The second problem is volume. Even the visible, human-typed prompts add up quickly. The disclosure at the end of this article documents nineteen deep-research reports and several cross-comparison dialogues; a conservative estimate of the user-facing prompts behind this single short article is 100 to 150. A doctoral thesis with a serious AI-assisted workflow over three or four years could plausibly run into the thousands. And that is only the visible layer. Modern deep-research tools expand a single user prompt into dozens or hundreds of internal sub-queries; reasoning models may generate intermediate self-instructions; and agentic systems can search, click, retrieve, compare, and execute tasks without each step appearing as a user-facing prompt. At that point, even the term “prompt” becomes unstable: does it mean only the human instruction, or also the system’s hidden reformulations, planning steps, tool calls, and search queries? The real interaction record is therefore partly inaccessible by design. Complete prompt documentation under those conditions is not principled rigor; it is paperwork the technology has already made impossible.
Finding a Path Through
For a working researcher, the practical compass is more sobering than the early discourse suggested. The five-point consensus is real, but it is a perimeter, not a path. Inside that perimeter, every concrete writing decision — polish or rewrite, declare or do not declare, methods or acknowledgments, footnote or none — depends on the specific rulebook in force for that task, journal, funder, university, or institute. And that rulebook may have changed since the last time you checked.

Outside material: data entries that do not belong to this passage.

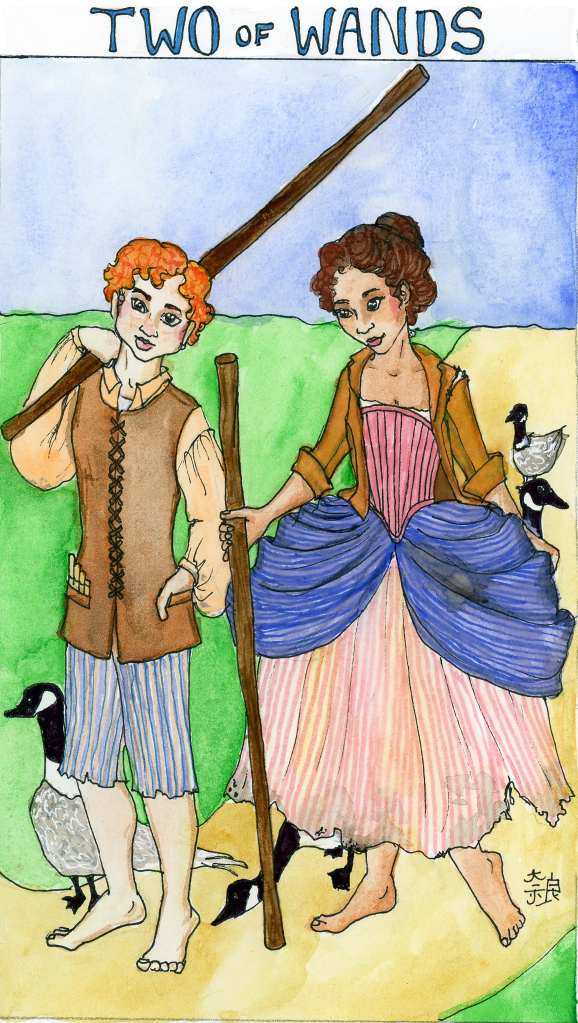 Basically her mother dies when she’s a baby, and her grandfather is so destroyed by the loss that he refuses to look at her or care for her and she grows up dressed in tatters and running wild with her pal the gooseherd. (I decided to make the gooseherd a trans man but honestly short of much more realistic drawings or, like, scars, it’s fairly hard to indicate that in a drawing, especially if you’re me and any man you draw looks pretty femme.) Anyhow, she and the gooseherd meet the prince on the road, he falls in love with her instantly, she tells him to wait till the royal party that night to ask her again. Then they trot off to the party just as they are but surprise! As soon as they (and the fucking geese, I love it) are in the ballroom the gooseherd plays a tune on his pipes and Tattercoats is magically dressed as a princess! And the geese turn into pages! (I prefer to believe that they kept goose personalities so there were just a bunch of fancily dressed lil pageboys running around screaming at and biting the guests.) And then love, marriage, happiness, NO FUCKING EXPLANATION OF HOW THE GOOSEHERD WAS SUDDENLY MAGIC. It’s great.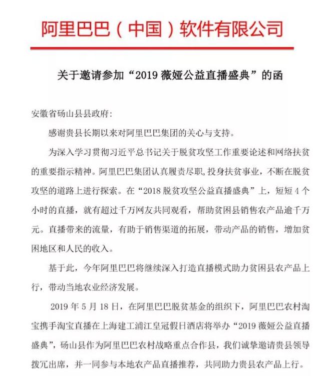 5月18日,在阿里巴巴脫貧基金會組織下,阿里巴巴農村淘寶攜手淘寶直播在上海舉辦“2019 薇婭公益直播盛典”,通過直播模式助力縣域農產品上行,帶動當地鄉村振興發展。碭山縣作為阿里巴巴農村戰略重點合作縣應邀參加。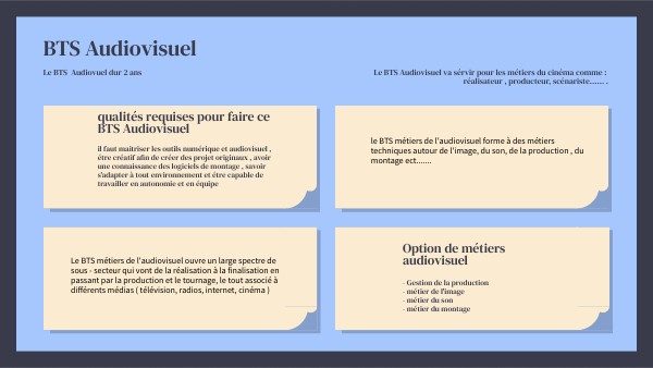 Le BTS métiers de l'audiovisuel ouvre un large spectre de sous - secteur qui vont de la réalisation à la finalisation en passant par la production et le tournage, le tout associé à différents médias ( télévision, radios, internet, cinéma )

Three habits reduce the risk. Treat the strictest applicable disclosure threshold as your working default; it is usually easier to explain a careful declaration than to defend an omission. Check the most recent version of the rule that actually governs each task — not last year’s PDF, not your supervisor’s recollection, not the policy of a sister institution. And keep a running log of meaningful AI interactions as they happen, so a disclosure paragraph can be assembled in minutes rather than reconstructed from memory under deadline pressure.
The jungle is real, and for everyday academic writing and review work it is exactly as dense as it looks. But it has paths, and the people who navigate it best are the ones who stop expecting a single map.
Disclosure on AI use and source base: This article is based on a staged AI-assisted research design. Fifteen structured deep-research reports were produced across five thematic blocks — national frameworks, research organizations/MPG, universities, publication, peer review, and research funding, and the legal landscape — with each block researched independently on ChatGPT (GPT-5.5), Perplexity (using Claude Sonnet 4.6 Thinking), and Claude (Sonnet 4.6 Adaptive). Four additional scoping runs on ChatGPT and Perplexity addressed two narrower questions: rules on AI use generally and rules on LLM-based text generation. Altogether, the nineteen reports drew on more than 200 primary documents, including laws, EU regulations, court rulings, university statutes, publisher policies, ethics-body recommendations, and funder guidelines. Their findings were compared in two independent AI-assisted cross-checks, one with Claude (Opus 4.7 Thinking) and one with ChatGPT (GPT-5.5); divergences and gaps were rechecked against additional sources. Claude then produced the first article draft from the consolidated research base. The draft was reviewed, fact-checked, shortened, and revised through iterative human–AI interaction with Claude (Opus 4.7 Adaptive) and ChatGPT (GPT-5.5). Responsibility for content, framing, and any errors rests with the author.